Out here at least landlords charge way more than their mortgage coat plus maintenance because they are income properties and the scarcity.
If you're talking about a mortgage that was signed years ago, that's definitely feasible. If you're talking about a mortgage that would be starting right now, that would be abnormal. A property costing ~ 1MM starting on todays 4.5% rate means a monthly mortgage above 4.8k but will go for rent for about 3.7k
I think you may have cherry picked one where landlord wants to lose money? Landlords typically price the units so it is self supporting and covers all fees etc.
I had counter examples but figured its not worth the back and forth. Ive run the calculators and here the mortgage including fees ends up way less than rental over 25 year period, and at end of 25 years I stop paying a mortgage, and a renter keeps paying till they die. You mentioned a smart renter would invest, but honestly I couldn't afford to live in this place if it was rental, it would be over half my income. I'm better off owning and putting the difference from what it would rent for compared to my mortgage and fee, into an investment
Sigh… yeah sure, let’s leave it at that.
Have a good week dude
Even if you assume the price of the property doesn't change, it comes down to whether the interest on the mortgage plus property taxes and other fees is more or less than the rental amount (plus any other fees).
Though if the price goes up, even that might not matter. That said, I do hope the housing situation improves, which would realistically involve prices going down instead of up.
Not it doesn't. Debt (and its associated interest) is not the bad part of the mortgage, it's the good part. The bad part is tying your financial future to land speculation and a depreciating asset on top of it. It comes down a bunch of things, including the opportunity cost of the cashflow difference plus the subpar expected returns on real estate equity, and the investment profile of the person to which this advice is being given. Maybe the average person should buy? I guess that can be true, because the average person apparently can't use an online calculator and stick to a long term investment strategy.

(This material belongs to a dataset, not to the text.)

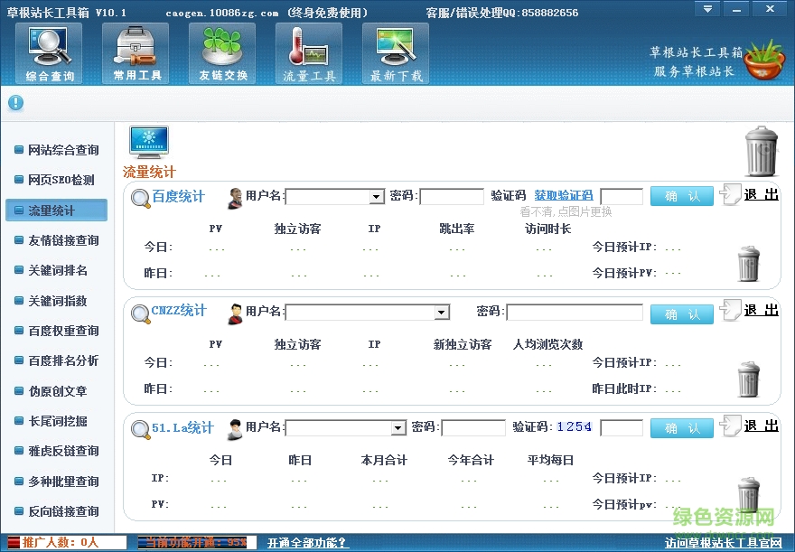 草根站長(zhǎng)工具箱是一款非常好的網(wǎng)站SEO工具,不僅可以快速查詢網(wǎng)站的權(quán)重、關(guān)鍵詞指數(shù)、長(zhǎng)尾詞發(fā)掘能,還能為你自動(dòng)推廣、友鏈交換,功能繁多而強(qiáng)大,是您網(wǎng)站優(yōu)化推廣的好助手,喜歡的朋友快來綠色資源網(wǎng)下載吧!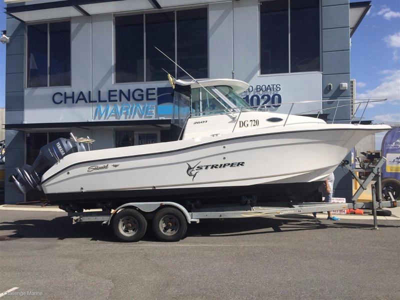 Offshore performance with the walk around convenience. This is a blue water fishing boat that could please all. Fully enclosed Hard top to protect from elements, New interior fitted recently, Twin Yamaha 150hp 4 Strokes showing 250hrs use and diagnostics recently completed, large deck area with twin catch tanks, deck wash and massive live bait / esky. Sitting on a very will maintained trailer with electric brakes, new wiring and new bearings fitted. On display at Challenge Marine - Perth's Leading Used Boat Destination - 30 Berriman Drive, Wangara 6065Need your boat sold? Call us today to find out how cost effective and hassle free it can be. We are more than happy to provide price appraisals obligation free. At Challenge Marine we get results! We don't just collect listings, We sell Boats! While every effort is made to provide accurate information about our listings we accept no responsibility regarding its accuracy and purchasers should always undertake an independent mechanical / hull inspection by qualified personnel.

I think a lot of them also have HOAs, too. At least in the USA, dunno about CA.
And at least with a house mortgage you usually get a lawn...
Bit different. The condo is a legal company ,collects fees To operate the building maintenance and repair, insurance, snow removal, etc. All owners vote yearly on changes to bylaws, or projects to be done.
I.e.hypothetically there could be laws about no blue patio furniture, however if majority of owners vote for allowing blue, then it gets changed. Its an owner run corporation.
I see. Definitely sounds slightly better. HOAs were supposed to be like that at one time here, but then they became miniature dictatorships.
Yeah HOA in USA often seems like the current HOA owns the property sale rights, and can block a sale. Strata has no say in the sale, it is an owner to owner deal.
A lot of people complain about strata being restrictive, but guess who doesn't show up to vote at the meetings; Same people who don't want to join council when the new one is voted in each year.
BC has strata corporations, which are kiiiiind of the same thing based on my shitty surface-level understanding of HOAs.
And basically all multi-family housing has a strata.
Yep, sounds like the same thing
https://en.wikipedia.org/wiki/Strata_management
Stratas in BC are very highly regulated.
Fish don't need bicycles, and we don't need to hoard greenspace when it can be consolidated very well into something useful by so many more people.
At larger scale, consolidating greenspace surrounding clusters of effective dense mixed-use residential cuts land-use tremendously, re-wilds a lot of other space or returns it to agriculture, and achieves the density required for better transit and savings on infrastructure costs. The housing has to be effective, and I think the new "mixed-use consolidated over a transit stop" configuration is a definite winner ... as long as it's not wood (aka Fire's Favourite Food).